Question: (a) Derive the mathematical expression for law of radioactive decay for a sample of a radioactive nu...

Question

(a) Derive the mathematical expression for law of radioactive decay for a sample of a radioactive nucleus.
(b) How is the mean life of a given radioactive nucleus related to the decay constant?

Answer 1

Solution

Radioactive decay of a radioactive substance is directly proportional to no of nuclei of the radioactive atoms use this property to find the mathematical expression for the law of radioactive decay and once you know the expression you can also find the relationship between mean life and decay constant.

Complete step by step answer:
We know that for radioactive materials rate at which nuclei depends is directly proportional to no of nuclei present we do not know for sure that which nuclei will decay in a given time period but no of nuclei decayed in a given time interval is always proportional to the no of nuclei

Therefore,
$\dfrac{{dN}}{{dt}} \propto N$
$\Rightarrow \dfrac{{dN}}{{dt}} = - \lambda N$
Where $\lambda$ is decay constant and minus sign is given to imply that number of nuclei decreases over time.

$\Rightarrow \dfrac{{dN}}{N} = - \lambda dt$
Integrating both sides we have,
$\int {\dfrac{{dN}}{N} = \int { - \lambda dt} } \\\ \Rightarrow \ln N = - \lambda t + C$
At t=0 value of N is ${N_0}$
$\Rightarrow \ln \dfrac{N}{{{N_0}}} = - \lambda t$
Or $N = {N_0}{e^{ - \lambda t}}$
Lets call rate of decay as R then ,
$R = \dfrac{{ - dN}}{{dt}} \Rightarrow R = - \lambda N \Rightarrow R = - \lambda {N_0}{e^{ - \lambda t}}$

Now we will find the value of the mean life of the radioactive decay.

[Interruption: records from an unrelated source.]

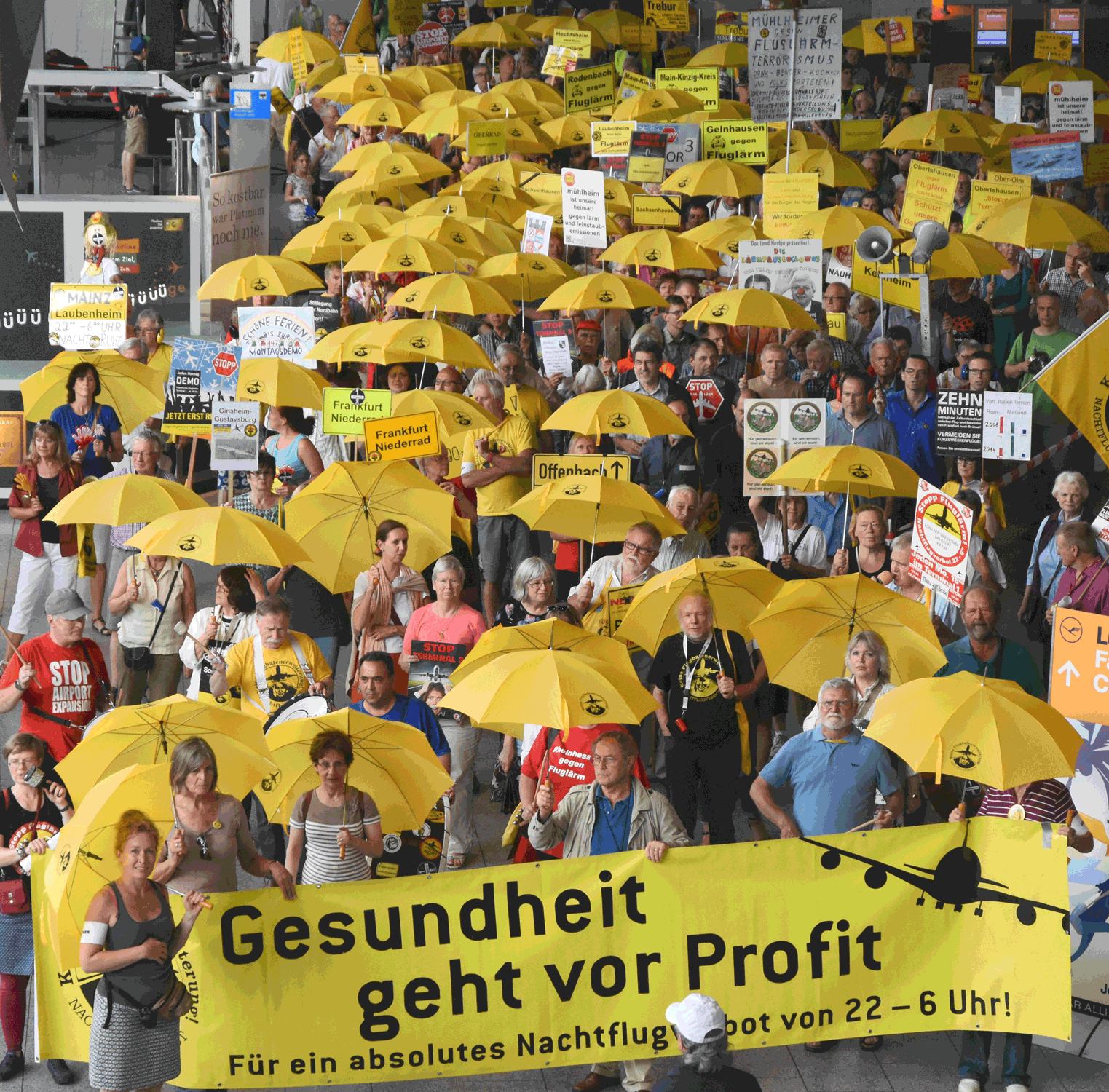 Gemeinsam unter gelben Schutzschirmen mit dem Anti-Ausbau-Logo präsentierten sich am 20. Juli über 500 Gegner/innen des Ausbaues des Rhein-Main-Flughafens beim Protestumzug durchs Terminal 1 anlässlich der 146. Montagsdemo des BBI – forderten spektakulär weniger Fluglärm und keinen weiteren Flughafenausbau. (Bild: Walter Keber - zum Vergrößern bitte auf das Bild klicken)
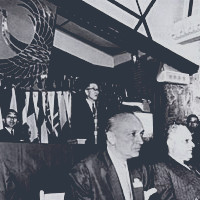 JAL inaugurates the Tokyo=Wake=Honolulu=San Francisco route as the first international flight service (with DC-6B plane, 2 round trips a week, one way fare; $650, ¥234,000).
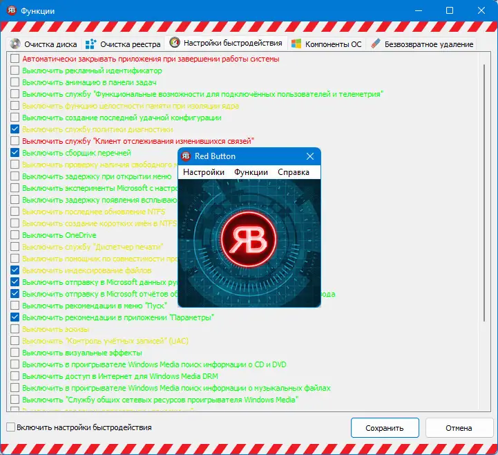 Red Button — это многофункциональная утилита для глубокой оптимизации операционной системы Windows, позволяющая ускорить работу компьютера, очистить реестр, удалить временные файлы и настроить скрытые параметры системы. Программа поддерживает все актуальные версии Windows и предлагает сотни инструментов для повышения производительности, безопасности и энергоэффективности. Благодаря интуитивному интерфейсу и компактному размеру, Red Button подходит как для новичков, так и для опытных пользователей.
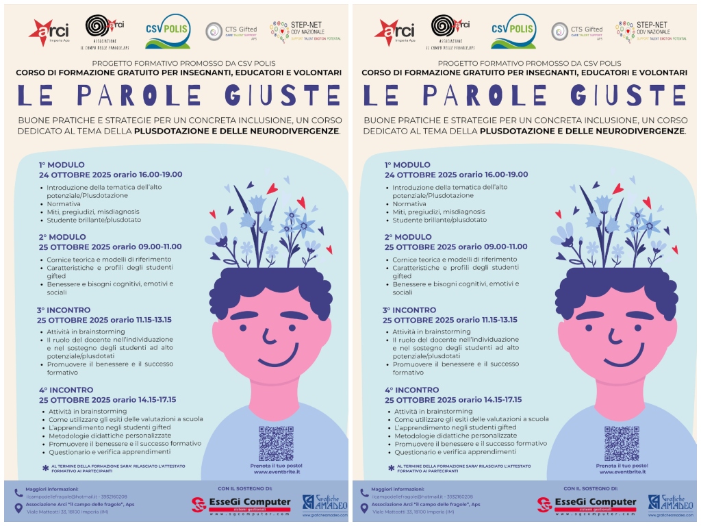 L’iniziativa è organizzata da CTS Gifted APS, ente accreditato al MIM per la formazione, e
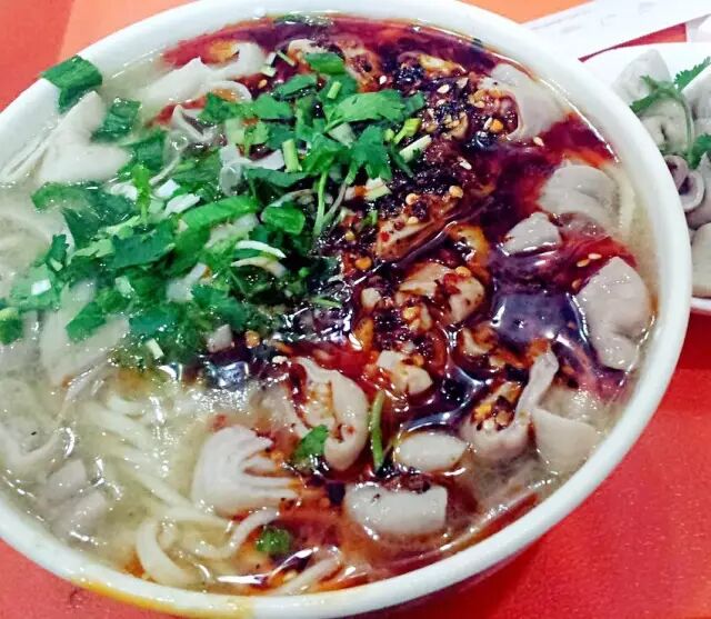 在玉佛寺旁,面条较黄家园更为筋道,肥肠比黄家园软糯,各有千秋。
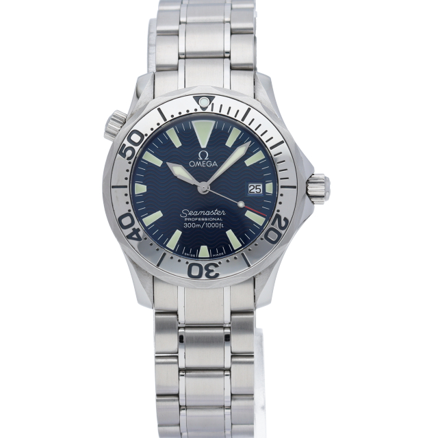 オメガを代表する人気ダイバーズウォッチ「シーマスター」。ヘリウムエスケープバルブを備えた本格的な多機能ダイバーズモデル。海を思わせるブルーのダイヤルが素敵です。
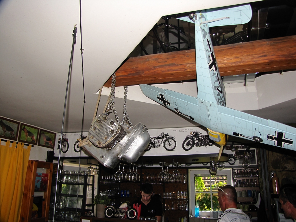 Сверху, если присмотреться над самолетом, на чердаке, оборудована студия, где по вечерам музицирует такая возрастная колоритная банда любителей железа и огоньку.
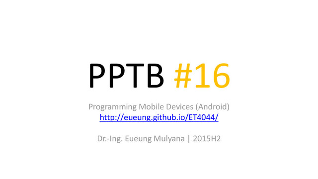 PPTB #16 Programming Mobile Devices (Android) http://eueung.github.io/ET4044/ Dr.-Ing. Eueung Mulyana
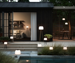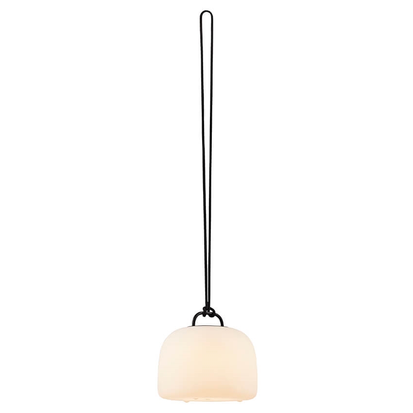 Kettle is een mooie batterijlamp waarbij functionaliteit hoog in het vaandel staat. Er wordt verwisselbare accessoires meegeleverd, zodat het mogelijk is om het type lamp te krijgen dat bij je behoeften past. Bij de lamp wordt een koord geleverd, zodat het mogelijk is om de batterijlamp in de tuin op te hangen voor een gezellige verlichting. Er zijn ook een spies of een driepoot beschikbaar, zodat de lamp kan functioneren als tafellamp of vloerlamp. Met de ronde en zachte vormen van de lamp geeft deze een rustige uitstraling, waarbij de diffuse kap een zacht licht verspreidt.
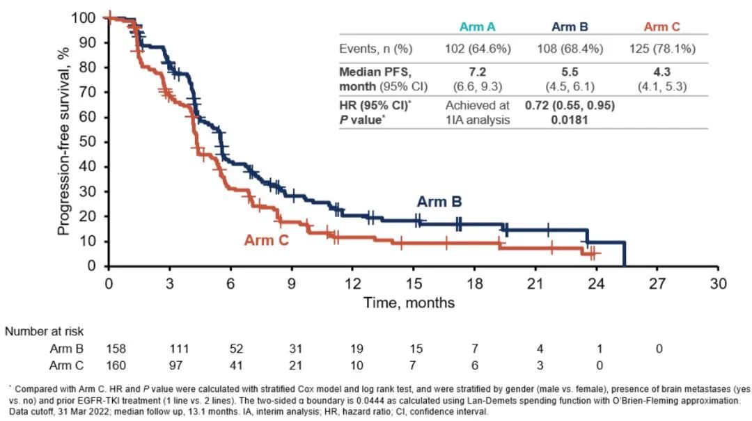 驱动基因阳性一定是免疫治疗的探索“禁区”吗?当然不是。勇者先行,ORIENT-31研究探索了免疫联合方案在EGFR-TKI治疗进展EGFR突变阳性NSCLC患者中的安全性和有效性,该研究的首次中期分析结果于2022年7月正式发表于Lancet Oncology杂志,2022年ESMO大会上,陆舜教授口头报告了ORIENT-31研究的第二次中期分析结果。研究纳入携带局部晚期或转移性NSCLC、EGFR-TKI治疗后进展的EGFR突变阳性NSCLC患者,随机分配(第一阶段为1:1:1,第二阶段为2:2:1)至A组(信迪利单抗+IBI305+化疗)和B组(信迪利单抗+安慰剂+化疗)和C组(安慰剂1+安慰剂2+化疗)。入组患者接受信迪利单抗/安慰剂1(200 mg),IBI305/安慰剂2(15 mg/kg),培美曲塞(500 mg/m2)和顺铂(75 mg/m2),静脉注射,治疗4周期,Q3W。随后,A、B、C组分别接受序贯信迪利单抗+IBI305+化疗、信迪利单抗+安慰剂2+化疗、安慰剂1+安慰剂2+化疗维持治疗。主要终点是按照RECIST v1.1标准评估的无进展生存期(PFS)。2022年3月31日数据截止时,476例患者被随机分配至A组(158例)、B组(158例)和C组(160例),中位年龄为57.0岁,37.0%患者有脑转移。63.0%患者接受了第一代或第二代EGFR-TKI(T790M阴性),26.3%患者接受了第一代或第二代EGFR-TKI后续接受第三代EGFR-TKI(T790M阳性),10.5%患者接受了第三代EGFR-TKI一线治疗。中位随访时间为13.1个月,由独立放射学审查委员会(IRRC)评估的A、B、C组的中位PFS分别为7.2个月、5.5个月和4.3个月。与C组相比,B组的中位PFS显著提高(HR=0.723,95%CI:0.552-0.948;P=0.0181)。由IRRC评估确认的A、B、C组的客观缓解率(ORR)分别为48.1%、34.8%和29.4%。三组的疾病控制率(DCR)分别为86.1%、81.6%和75.6%;三组的中位缓解持续时间(DoR)分别为8.5个月、7.4个月和5.7个月。三组的3级及以上治疗期间出现的不良事件发生率分别为59.5%、46.2%和56.9%。ORIENT-31是首项采用PD-1抑制剂、抗VEGF单抗和含铂双药治疗EGFR-TKI治疗进展后患者的前瞻性、双盲、随机对照的III期临床试验。与单纯化疗相比,四药联合或三药联合均可明显改善EGFR-TKI治疗进展后患者的PFS,且耐受性良好。研究提示对于EGFR-TKI进展的EGFR突变患者,后续要使用免疫治疗,不能忽略再加用“贝伐珠单抗”四药联合可能是EGFR-TKI失败后的一种选择。
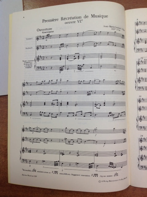 L'ainé Leclair : 1ère récréation de musique opus VI pour 2 violons et basse continue
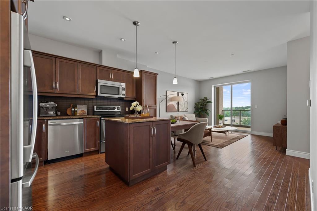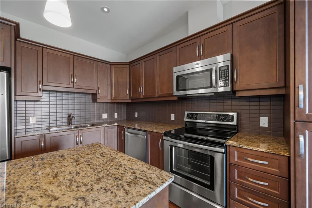 Welcome to this beautifully designed 2 bedroom, 2 bathroom condo that features a spacious eat-in kitchen perfect for both everyday living and entertaining. Boasting an abundance of cabinet space, sleek quartz countertops, and stainless steel appliances, this kitchen is as functional as it is stylish. The open-concept layout flows seamlessly into the bright and inviting living room, where patio doors lead out to your private balcony— ideal for morning coffee or evening relaxation. Both bedrooms have large windows, allowing in lots of natural light and the main bathroom is complete with a walk-in shower. The large primary bedroom is a true retreat, featuring a convenient walk-through closet and a luxurious 5-piece ensuite complete with a double vanity, soaker tub, and separate shower. The amenities in the Westmount Grand include a rooftop terrace complete with BBQ's, a party room, a library/piano room, a large gym with saunas, and a bike room. Conveniently located beside the mosque (Muslim Society of Waterloo Wellington Counties) and close to restaurants, shops, parks, all amenities, and universities. Don’t miss your chance
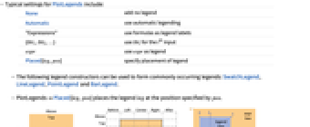 - PlotLegendsPlaced[leg,pos] places the legend leg at the position specified by pos.
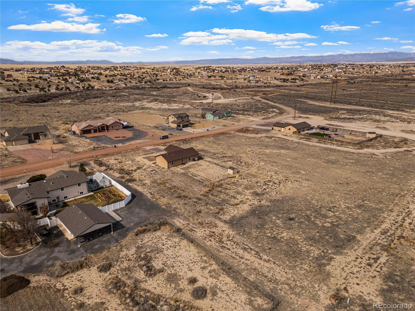 Set on a 1.15 acre parcel in Pueblo West, this 3 bedroom, 2 bathroom ranch style home offers a comfortable layout, open living spaces, and room to grow. The main level features vaulted ceilings and hardwood flooring through the living area, kitchen, and dining space, creating a bright and connected floor plan for everyday living and gatherings. The kitchen includes granite counters, a center island with bar seating, stainless appliances, and a pantry for additional storage. The adjoining dining area provides space for a full table and walks out to the backyard, making it easy to extend meals and entertaining outdoors. All three bedrooms are located on the main level. The primary suite includes a walk in closet and a private 3/4 bathroom with a walk in shower. Two additional bedrooms and a full bath offer flexibility for guests, office space, or hobbies. A dedicated laundry room adds convenience. Downstairs, the full basement expands the possibilities with a large finished family room and additional unfinished space ready for storage, a home gym, workshop, or future rooms. The attached two car garage offers everyday practicality, while the spacious backyard includes sections of metal fencing and plenty of room to design landscaping, garden areas, or outdoor living spaces across the 1.15 acre property. The size of the lot provides distance from neighboring homes and space for recreation, projects, or future improvements. Enjoy open skies and distant mountain views.
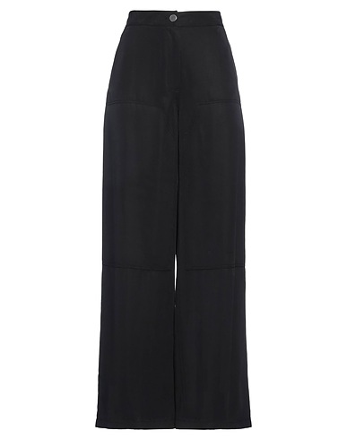 wide-leg pants, twill, solid color, no appliqués, high waisted, relaxed fit, 1 button, zipper fastening, multipockets, dry clean, do not bleach, do not tumble dry
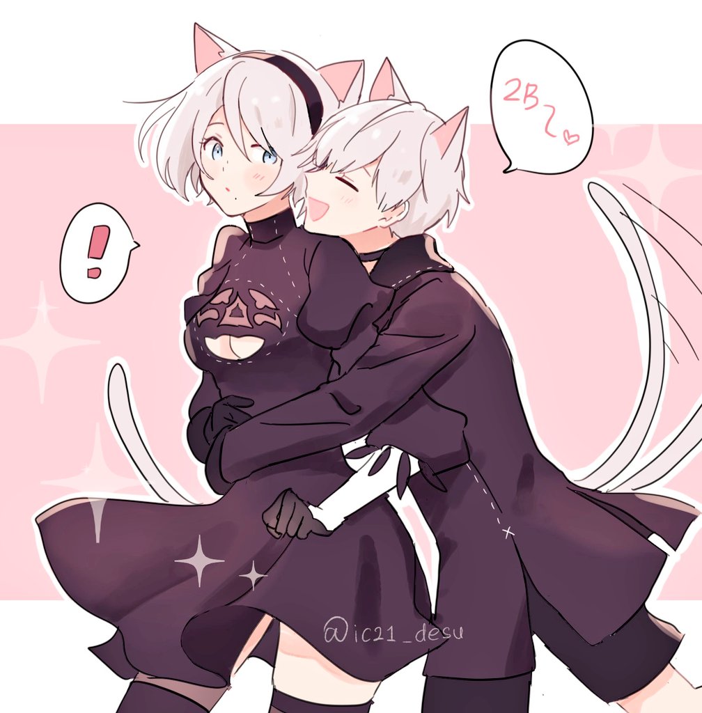 ! 1boy 1girl animal_ears artist_name black_dress blue_eyes cat_boy cat_ears cat_girl cat_tail closed_eyes couple cow_horns dinikee dress heart hetero horns hug hug_from_behind nier:automata nier_(series) short_hair speech_bubble spoken_exclamation_mark tail tail_wagging 2b_(nier:automata) 9s_(nier:automata)
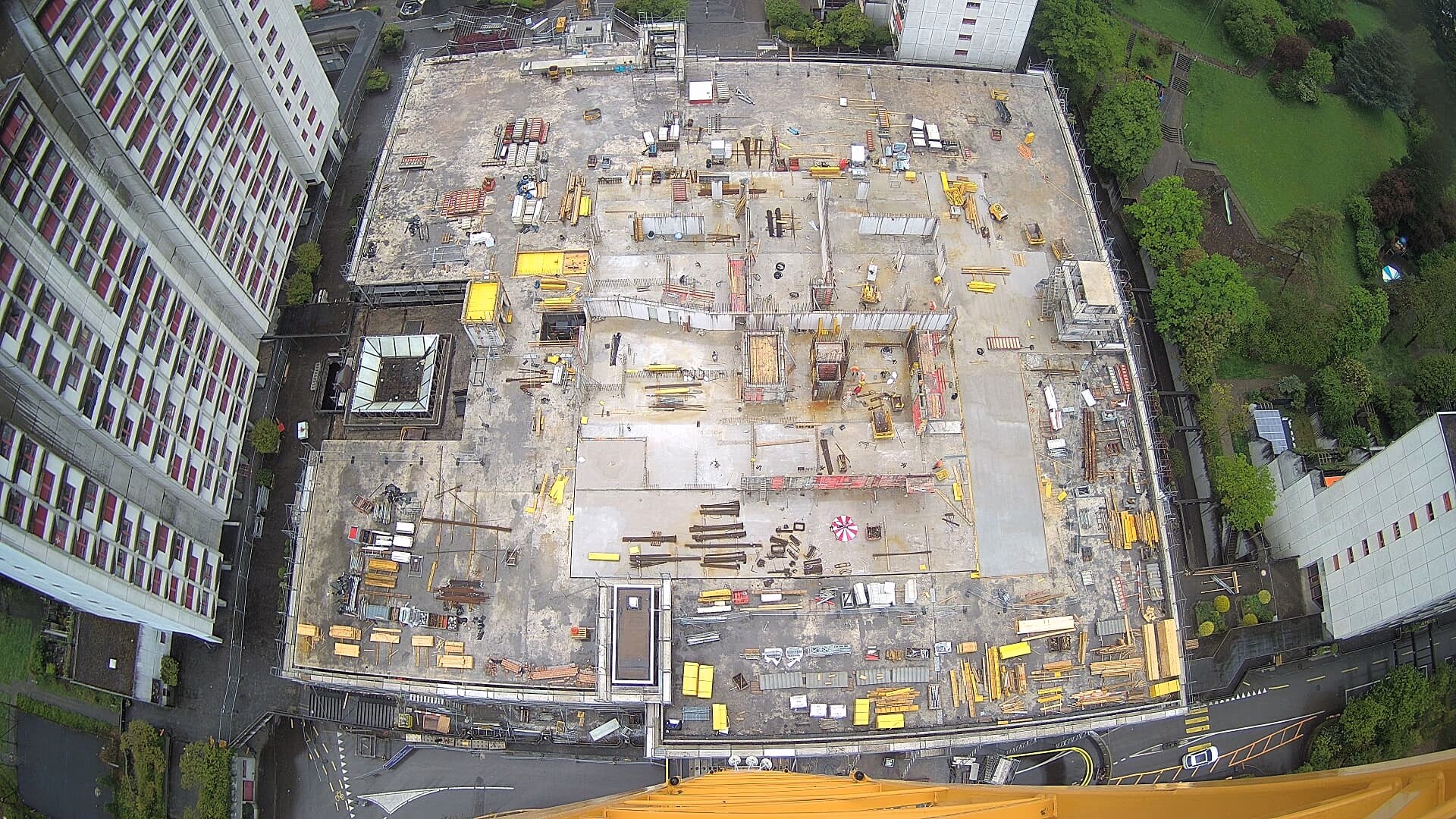 Obschon so unscheinbar, wie nie seit dem Baubeginn vor rund 14 Monaten wurde hiermit ein grosser Meilenstein erreicht. Der Abschluss der letzten Deckenetappe auf Höhe des Zentrumdaches ist für das Projekt von grosser Tragweite.

Let's find the relation between the mean life $\tau$ and the disintegration constant λ. The number of nuclei which decay in the time interval: ‘t’ to ‘t + dt’ is:
$Rdt = \lambda {N_0}{e^{ - \lambda t}}dt$
Where dt is infinitesimal time interval

Each of them has lived for time ‘t’. Hence, the total life of all these nuclei is $t\lambda {N_0}{e^{ - \lambda t}}dt$ .
Hence, to obtain the mean life, we integrate this expression over all the times from 0 to $\infty$ and divide by the total number of nuclei at t = 0 (which is ${N_0}$ ).
$\tau = \lambda {N_0}\int\limits_0^\infty {t{e^{ - \lambda t}}dt}$
Where $\tau$ is mean life,
On solving this integral, we get
$\tau = \dfrac{1}{\lambda }$

Thus correct answer for (a) is $N = {N_0}{e^{ - \lambda t}}$ and for (b) is $\tau = \dfrac{1}{\lambda }$ .

Note: Use the law of radioactive decay to find the expression for no of nuclei at any time once you know the expression for number of nuclei at any time simply then find the value of half life and average life using the mathematical formula of half life and average life.